From owner-freebsd-questions@FreeBSD.ORG  Wed Jul 16 13:15:52 2003
Return-Path: <owner-freebsd-questions@FreeBSD.ORG>
Delivered-To: freebsd-questions@freebsd.org
Received: from mx1.FreeBSD.org (mx1.freebsd.org [216.136.204.125])
	by hub.freebsd.org (Postfix) with ESMTP id 5FBA937B401
	for <freebsd-questions@freebsd.org>;
	Wed, 16 Jul 2003 13:15:52 -0700 (PDT)
Received: from wrongcrowd.com (dsl231-036-178.sea1.dsl.speakeasy.net
	[216.231.36.178])
	by mx1.FreeBSD.org (Postfix) with ESMTP id 98BE743F93
	for <freebsd-questions@freebsd.org>;
	Wed, 16 Jul 2003 13:15:49 -0700 (PDT)
	(envelope-from matt@wrongcrowd.com)
Received: from [192.168.1.99] (helo=thunderbird.wrongcrowd.com)
	by wrongcrowd.com with esmtp (Exim 3.34 #1)
	id 19csgj-0003ip-00
	for freebsd-questions@freebsd.org; Wed, 16 Jul 2003 13:15:45 -0700
Message-Id: <5.2.0.9.2.20030716124813.035e9e68@192.168.1.1>
X-Sender: matt@192.168.1.1
X-Mailer: QUALCOMM Windows Eudora Version 5.2.0.9
Date: Wed, 16 Jul 2003 13:16:26 -0700
To: freebsd-questions@freebsd.org
From: Matt Staroscik <matt@wrongcrowd.com>
In-Reply-To: <20030716054801.7A07737B404@hub.freebsd.org>
Mime-Version: 1.0
Content-Type: text/plain; charset="us-ascii"; format=flowed
Subject: Re: Adaptec 2400A RAID controller corrupting data (4.8)
X-BeenThere: freebsd-questions@freebsd.org
X-Mailman-Version: 2.1.1
Precedence: list
List-Id: User questions <freebsd-questions.freebsd.org>
List-Unsubscribe: <http://lists.freebsd.org/mailman/listinfo/freebsd-questions>,
	<mailto:freebsd-questions-request@freebsd.org?subject=unsubscribe>
List-Archive: <http://lists.freebsd.org/pipermail/freebsd-questions>
List-Post: <mailto:freebsd-questions@freebsd.org>
List-Help: <mailto:freebsd-questions-request@freebsd.org?subject=help>
List-Subscribe: <http://lists.freebsd.org/mailman/listinfo/freebsd-questions>,
	<mailto:freebsd-questions-request@freebsd.org?subject=subscribe>
X-List-Received-Date: Wed, 16 Jul 2003 20:15:52 -0000

I am going to break this saga into 2 posts, one with the ugly details for 
those who are interested, and one short post with the essential questions 
and observations.

>I have that card with 6 60 gig drives and set the box up (freebsd 4.7?)
>and it would run for a day or so and just crash.  I also recall having
>similar panics when moving large amounts of data.  I've given up on
>using the box for any real work so it's just sitting doing nothing
>waiting... hoping for a solution... a glimmer of hope.  ;-)
>
>If you get it working please post.

Here is an update. While I have made progress I am not 100% hopeful for a 
solution that is stable in the long term.

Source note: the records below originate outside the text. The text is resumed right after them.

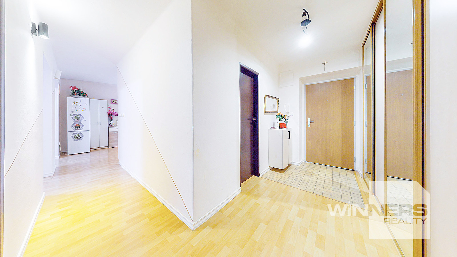 Dispozícia bytu je otvorená a priestranná, kuchyňa je prepojená s obývacou izbou, čo vytvára moderný vzhľad a rozdeľuje byt na dennú a nočnú časť. Na chodbe sa nachádza veľká priestranná vstavaná skriňa. Byt bol pred viacerými rokmi celkovo zrekonštruovaný, pôsobí veľmi príjemne a útulne. Ponechanie zariadenia bytu je na dohode – aktuálne nie je v cene predaja. Samozrejme v byte zostávajú vstavané skrine a kuchynská linka.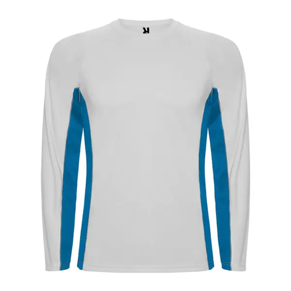 Kombinált technikai póló, két poliészterből. Hosszú, raglán stílusú ujjak. Bird's eye fő szövettel és mikroperforált szövettel az oldalsó betéteken és belül az ujjakon. Kerek nyak és belül megerősítő varrásfedő. Kellemes szövetű póló, amely könnyen a testre simul.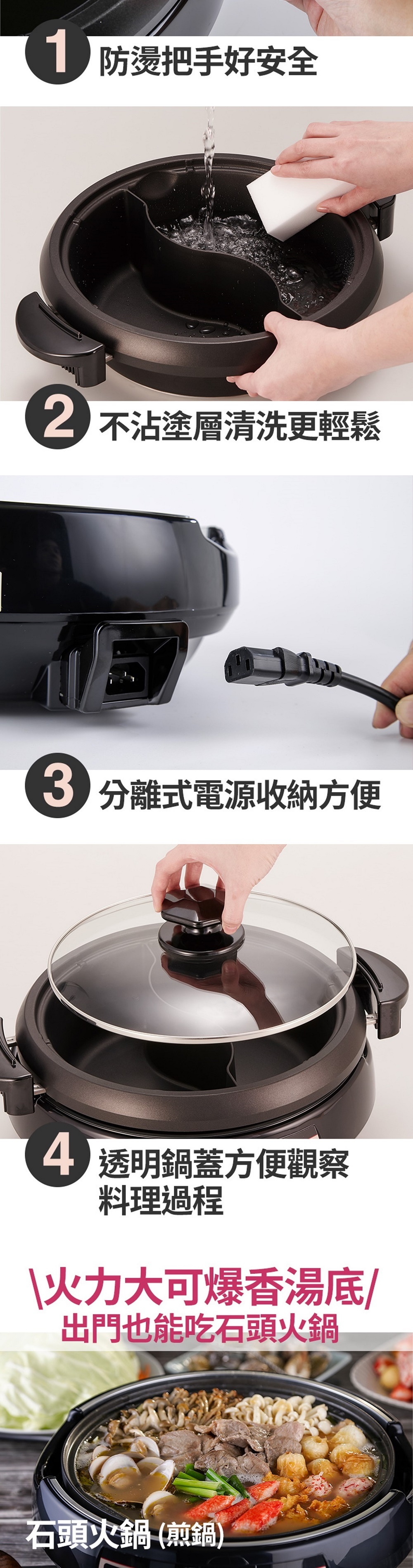 鴛鴦鍋、煎鍋可直接水洗,簡單好清潔。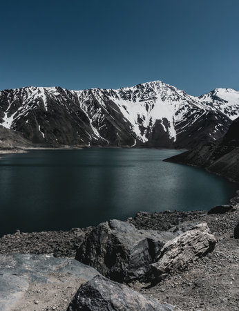 Landscape of mountain snow and lagoon in Santiago, Chile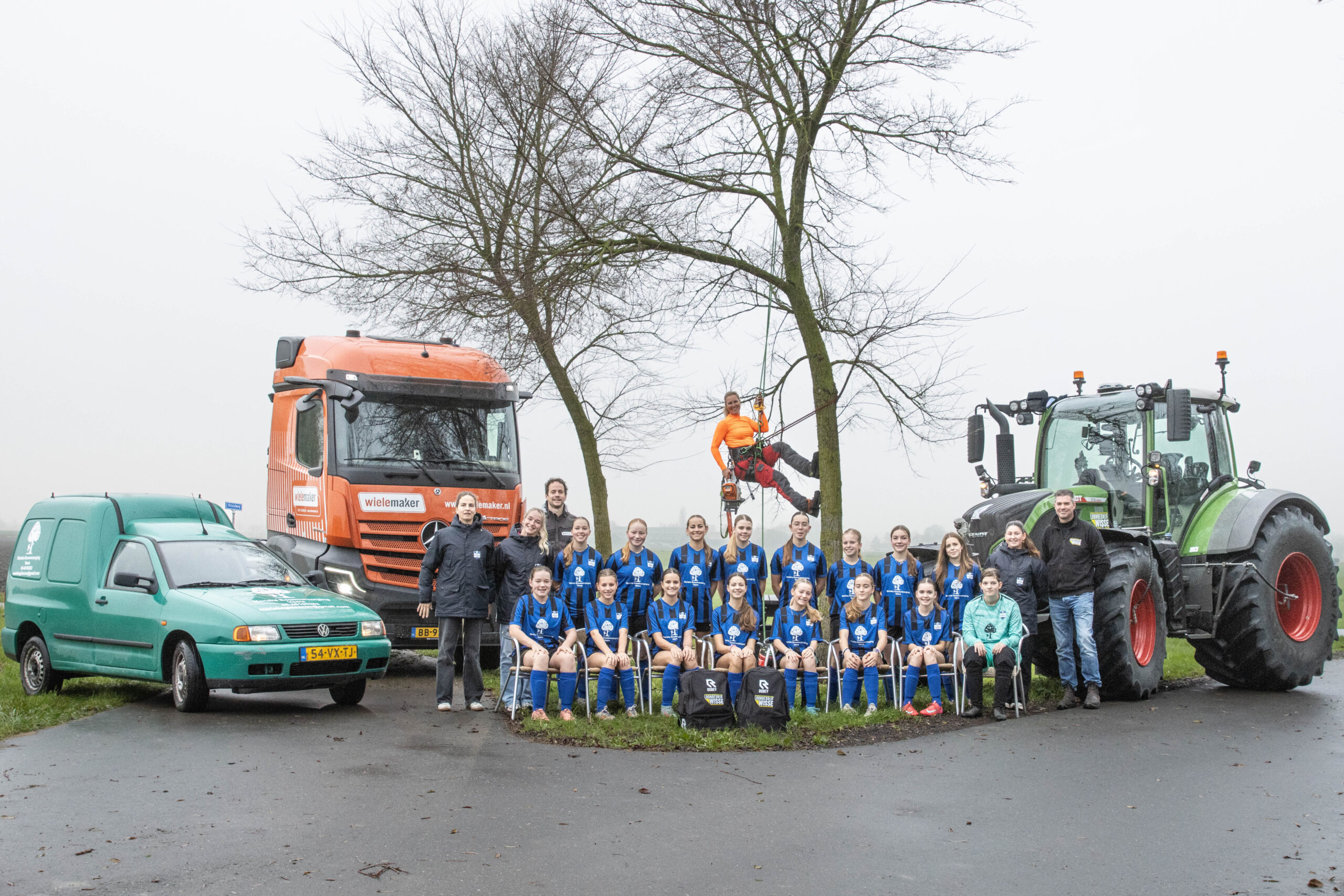 Achterste rij vanaf links: Chantal Moerman (leidster), Jasper Wielemaker (sponsor), Manon Arkesteijn (trainster), Fenna Riemens, Noor Vos, Arwhen Wielemaker, Fenna Mesu, Sterre Alewijnse, Evi Francke, Féline van der Vliet , Amy Huijbregtse, Angeline Verhage (trainster), Erik Wisse (sponsor).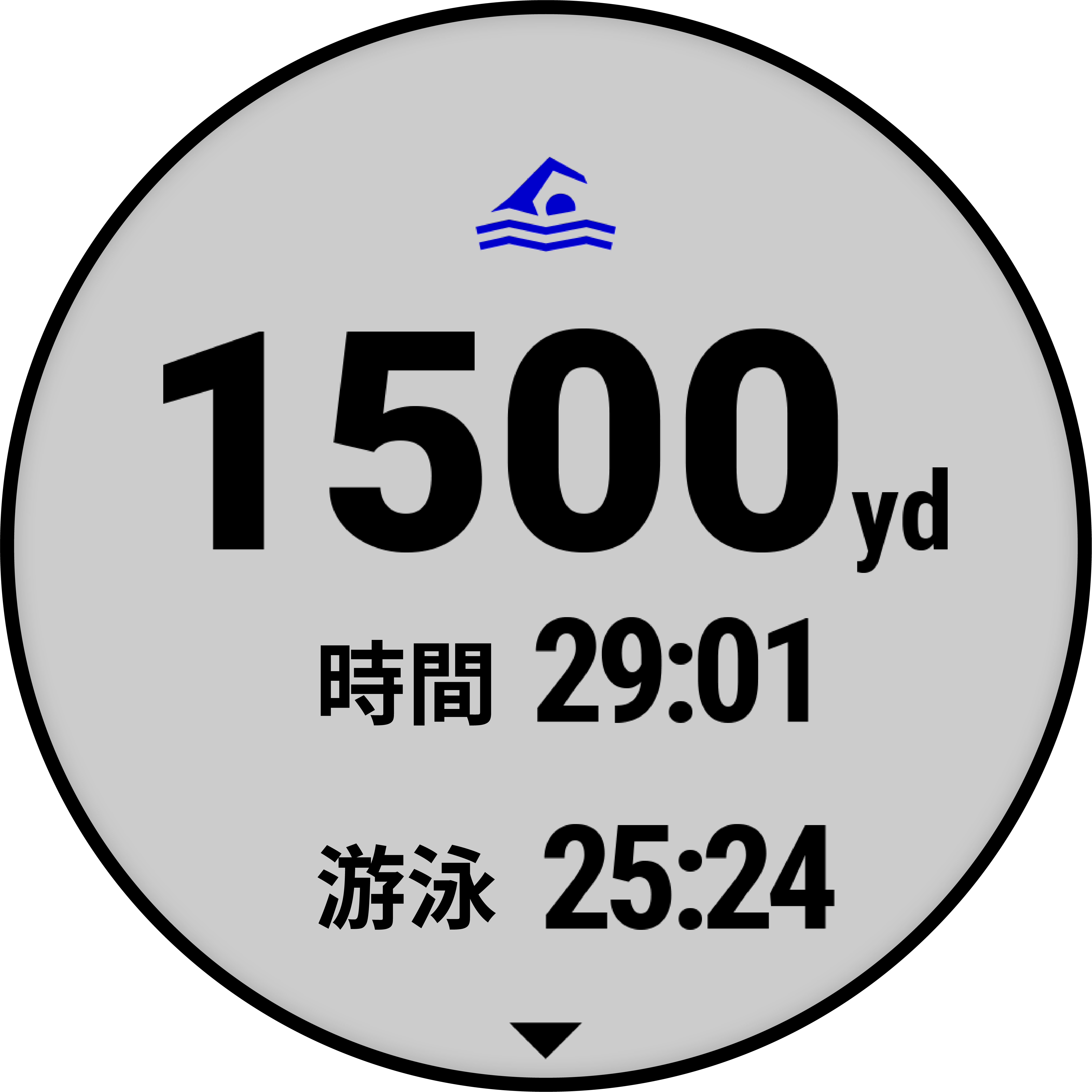 - 若要儲存游泳活動並重設碼表,請選擇 儲存。您可以檢視活動摘要,或按下 DOWN 鍵檢視更多數據。

To make a long story short, I seem to have made the system much stable by 
turning off soft updates. I was able to do a make buildworld, and then 
delete the contents of /usr/obj. Previously, one of those actions was sure 
to trigger a panic. Before I tried disabling soft updates I also did all 
this, some of which I readily admit is voodoo:

- cable replacement
- jumped drives to Master instead of Cable Select
- Changed RAID card PCI slot
- Wiggled everything

I continued my test by cvsupping my source and doing another make 
buildworld. However, this time it bombed out while working on groff. I 
checked the file in an editor and it didn't look munged, so I am not sure 
if there is an error in the cvs tree, an innocent file transfer error, or a 
sign of deeper issues with my disk subsystem. I am going to thrash the 
machine with more builds but avoid CVS for now.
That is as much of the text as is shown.